Треть следующей лекции я посвятил философским воззрениям некоего Иоганна Дрюкенкаца – соперника Канта, основоположника мирового дрюкенкацизма. Философская система немецкого гения была довольно туманна. Известно, что он, путешествуя по Египту среди древних мумий, пришел к обоснованному выводу, что судьба человеческая есть ни что иное, как порхание по цветам жизни. При этом бытие души подразделяется на допричинное обескукливание, первичный закукол, выкукливание сущности и спонтанное раскукливание. Вконец перекуклив сознание студентов, я нацепил для солидности очки с простыми стеклами, и, раскрыв том “Истории эстетической мысли”, прочитал с видимым усилием кромешно научный фрагмент из труда “Совершенный кукловод” («Volkommener Puppenspieler», 1802). После вздохнул, сказал о судьбе гения – Дрюкенкац дожил до девяноста семи лет, за год до смерти женился на семнадцатилетней Цецилиии Брудершнобель, но, будучи непостоянным в любви (“Все мужчины обманщики,” – тихо сказала студентка Катя Тарабукина), сошелся с восьмидесятилетней Амелией Цубербиллер. Он умер как философ, в окружении учеников, завещав громадное состояние престарелой любовнице.
К следующему занятию слушатели обязались представить конспективное изложение “Совершенного кукловода” с грамотно оформленным титулом и сносками.
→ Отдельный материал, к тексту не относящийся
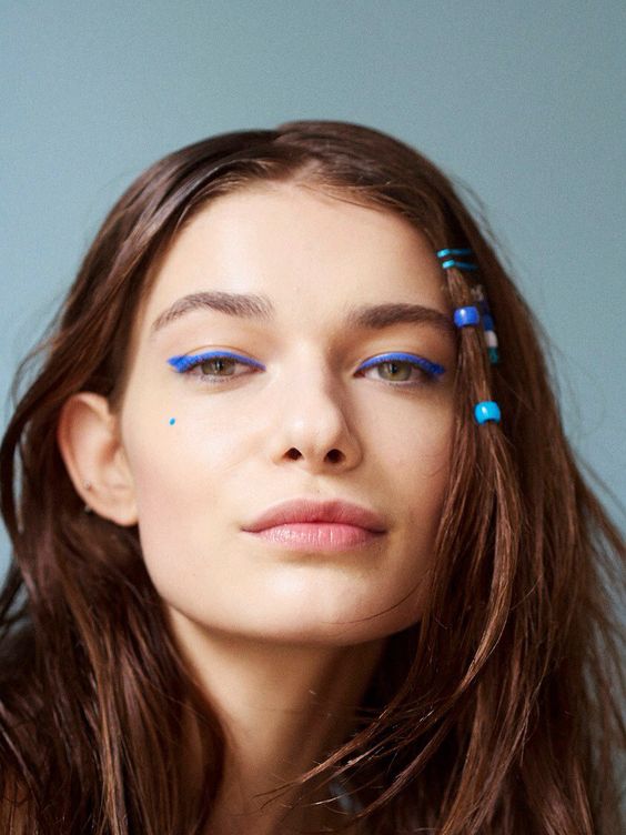 Puedes animarte con esta tendencia ‘denim eyeline’ con cualquier tono de azul, desde el más clarito hasta el más marino. Te recomendamos una línea minimalista o si lo prefieres combinar con plateados para que se haga el efecto glitter que tan de moda está.
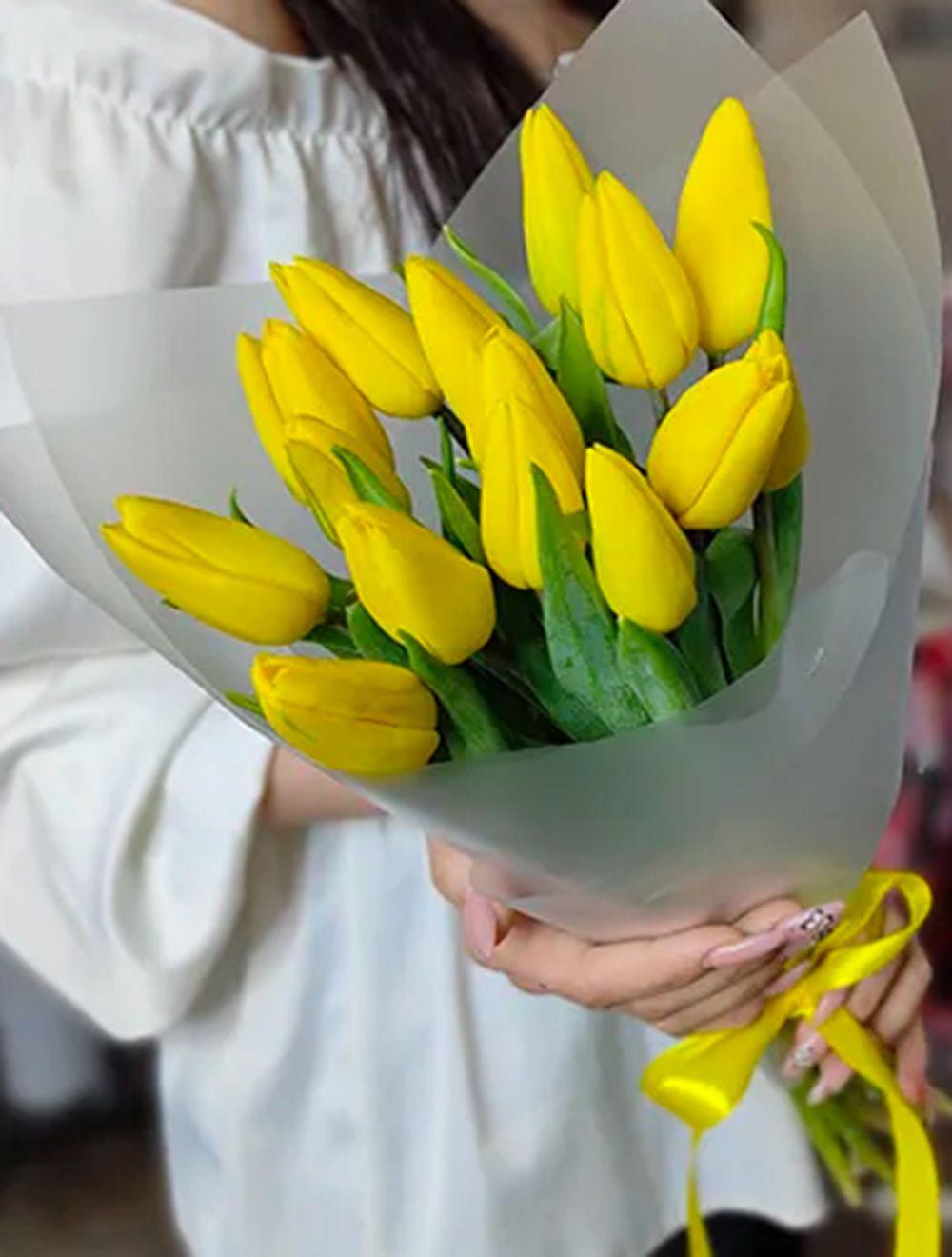 Состав: тюльпан желтый - 15 шт, упаковка, лента
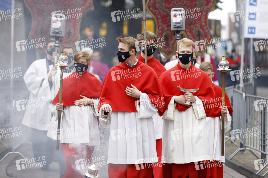 Religion, Glaube, Prozession, Messe, Gott, Gottesfurcht, Katholizismus, katholisch, Christen, Christentum, Kölner Dom, Prozession, Fronleichnam, Fronleichnamsprozession, Umzug, Weihrauch, Erzbistum Köln, Erzbischof, Hochfest, Gottesdienst, Messe, Pontifikalamt, katholische Kirche, bleibende Gegenwart Jesu Christi im Sakrament der Eucharistie, Fronleichnamsgottesdienst, Maskenpflicht, Kirche, Kirche in Zeiten von Corona, Jesus, Christus, Coronavirus, Coronakrise
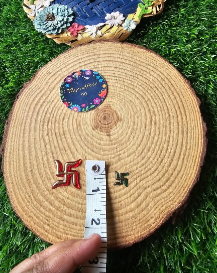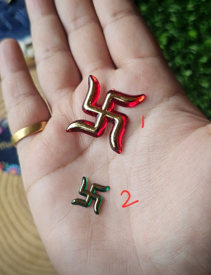 Swastik Embellishments in two sizes! Red 3/- Green 2/-
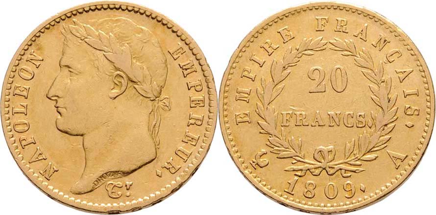 20 Frank 1809 A, Paříž, KM.695.1 (Au900), 6.420g, dr.hr.ražbou, dr.rysky
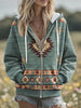 Women's Vintage Western Aztec Art Zip-Up Hoodie
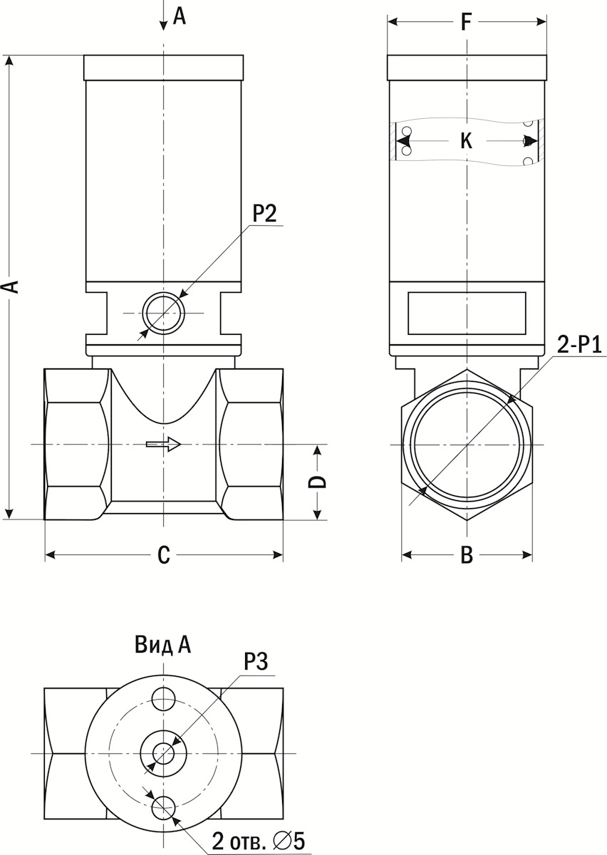 диаметр привода, К | A | B | C | D | F | P1 | P2 | P3 | |
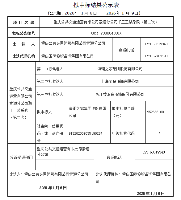 重慶公共交通運(yùn)營(yíng)有限公司索道分公司職工工裝采購(gòu)(第二次)擬中標(biāo)結(jié)果公示
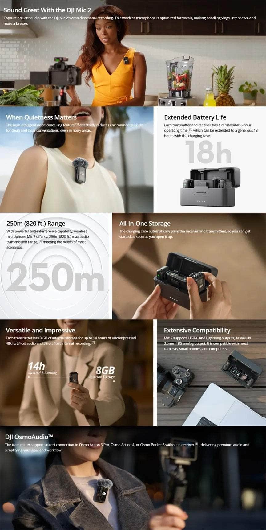 The DJI Mic 2 is a high-quality wireless microphone system designed for crystal-clear audio recording in any environment. Featuring one transmitter (TX) and one receiver (RX), it offers seamless connectivity, low-latency transmission, and superior sound quality for content creators, vloggers, and professionals. With long battery life, intelligent noise cancellation, and a compact, user-friendly design, the DJI Mic 2 ensures effortless, high-fidelity audio capture for your recordings.
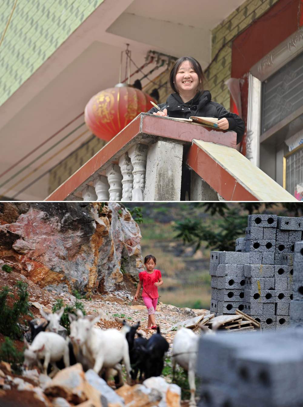 上图为2023年1月16日,在大化瑶族自治县板升乡弄勇村,正在读初中的蓝秀雪在家门口学习;下图为2013年7月14日,5岁的蓝秀雪在放羊。16岁的蓝秀雪即将参加中考,希望能考上一所好高中。
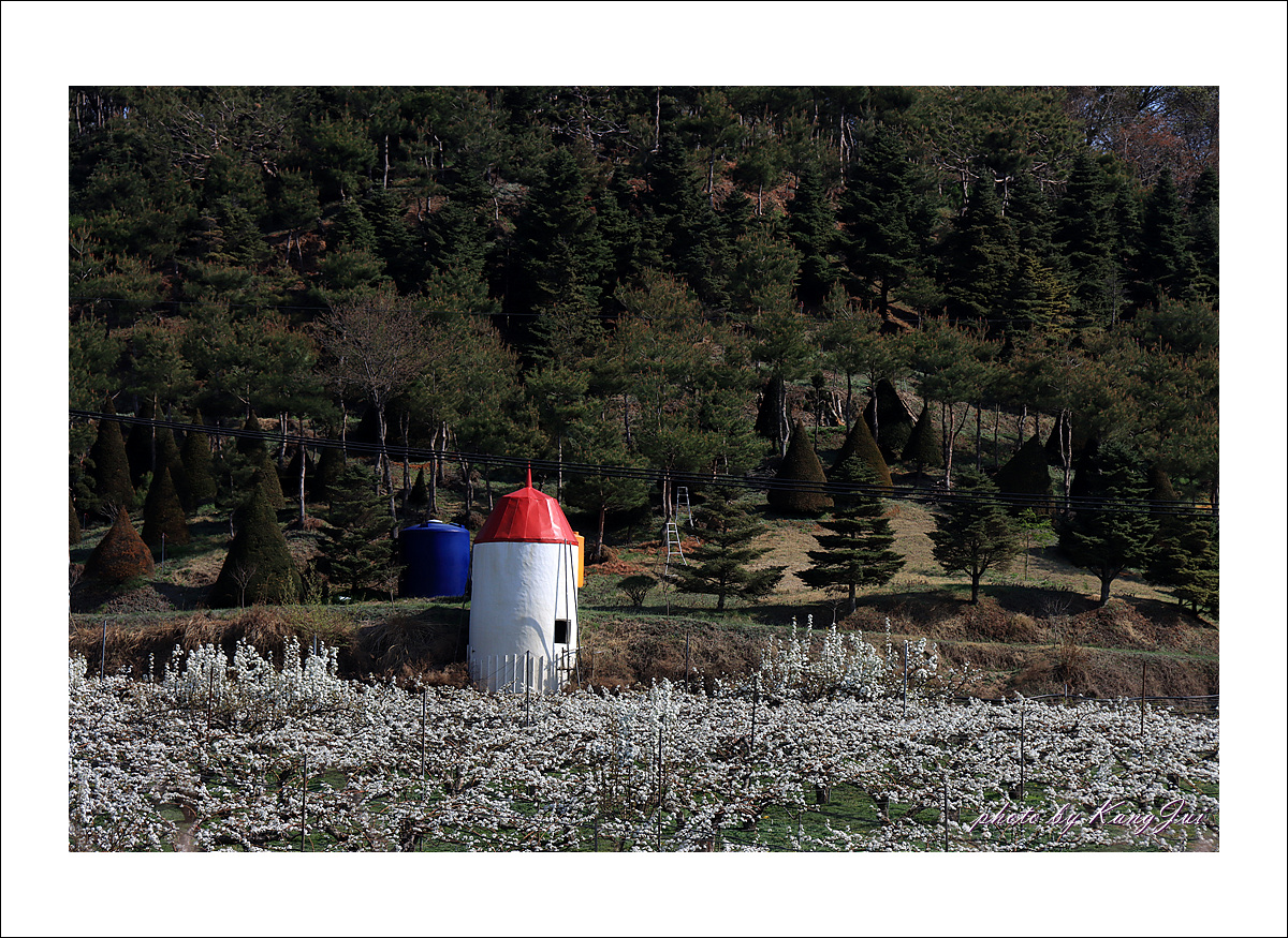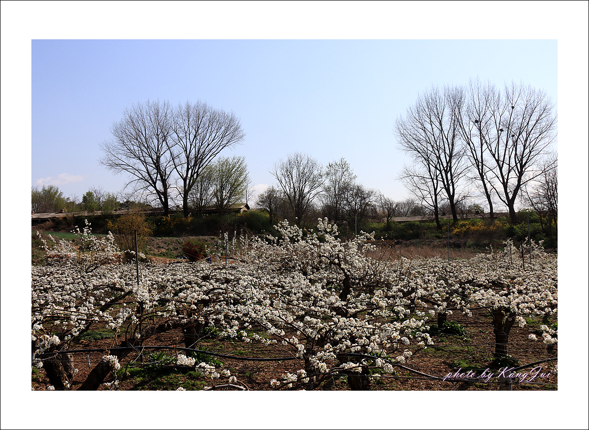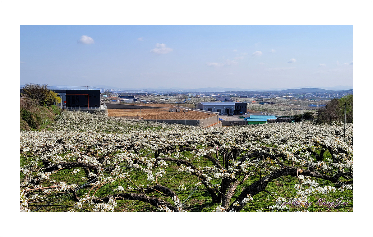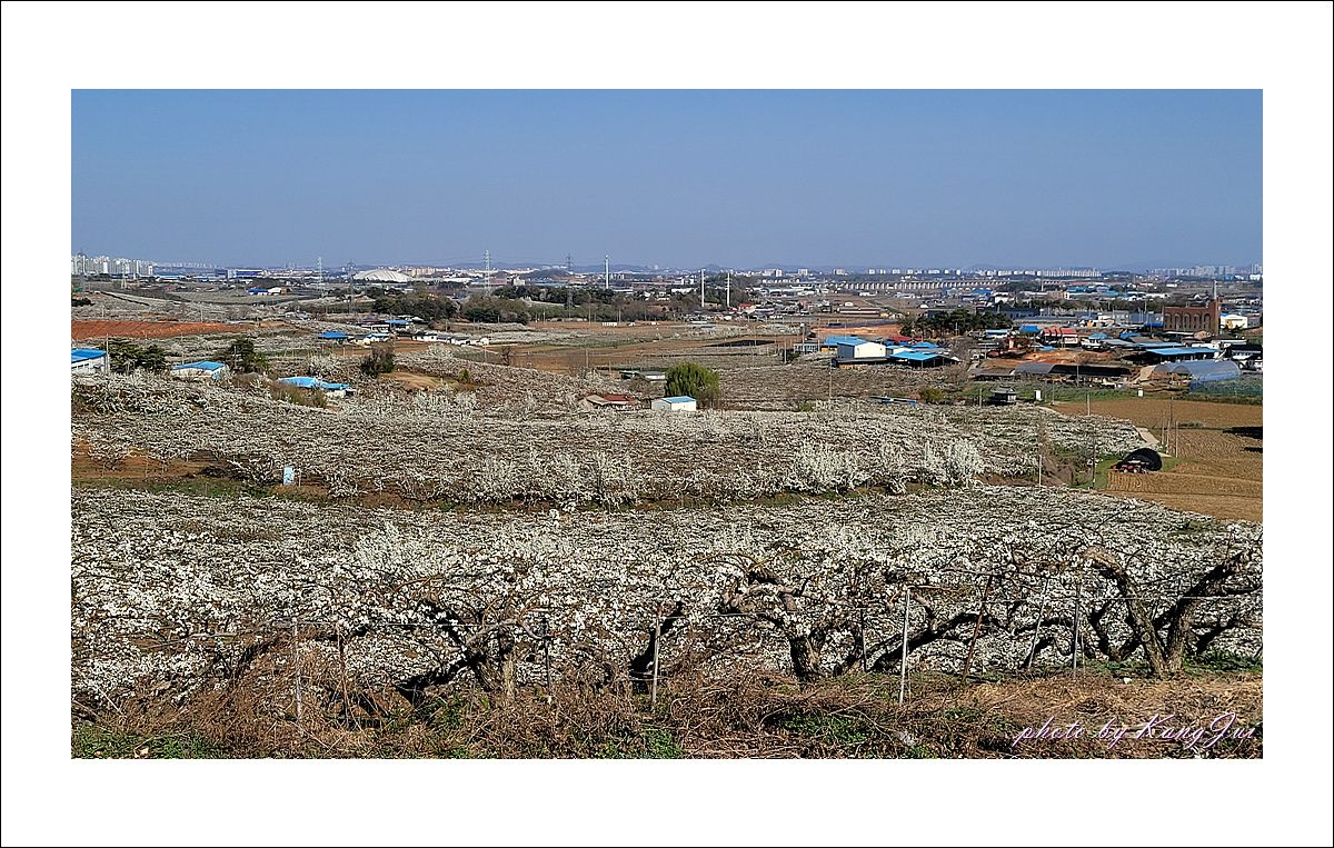 너른 들에 보이는 배꽃들은 흰 눈이 쌓인 듯 착각을 하게 한다.

Степа Николаев, разумеется, прогулял эту лекцию (он был не самый радивый из моих студентов, приходится это признать), о чем я весьма сожалел.
Я и князевский курс – мы были квиты. Мы полюбили друг друга. Эта любовь обещала быть долгой. Такой она и была.
Центральным персонажем в князевском восторге моей души был, конечно, Степа Николаев. Мы дружили с такой поспешностью, что, сдается, недели за две вышли на уровень, обычный для годичного общения. Мы столь щедро делились дарами души, что если не вывалили всех тайн в первые дни, так только за недостатком времени. Я, однако же, был более скован, все же я опытный старый хрен, я не доверял юношеской пылкости. Мне надо было соблюдать себя.
– Ну что, – говорил Степа, сидя против меня в буфете, – давайте улетим? Что? Возьмемся за руки и улетим.
Я понимал, чт o он имеет в виду и остерегался этого. “Ах Степа, милый Степа, – хотелось мне сказать ему, – Уж не впервой мне улетать”. В самом деле, наученный опытом дружб и разочарований, я если и мог лететь об руку с ним, так только низенько, на бреющем полете, сшибая головки ромашек и одуванчиков. То и дело мотор мой будет глохнуть, барахлить – увы! – уже я чувствовал себя неспособным к дальним полетам. Я не альбатрос, я – кукурузник. К тому же ко всему, я знал, что полетав туда-сюда, надо будет возвращаться. А мне, знаешь, проще гнездиться на земле, чем взмывать в поднебесную, зная, что все кончится. Суета сует!
Степа оглядывал притаившихся в благоговейном почтении сокурсников.
– Ну, что? – вопрошал он гневно и глаза его загорались огнем, – Глупость боитесь сказать? Что замолчали?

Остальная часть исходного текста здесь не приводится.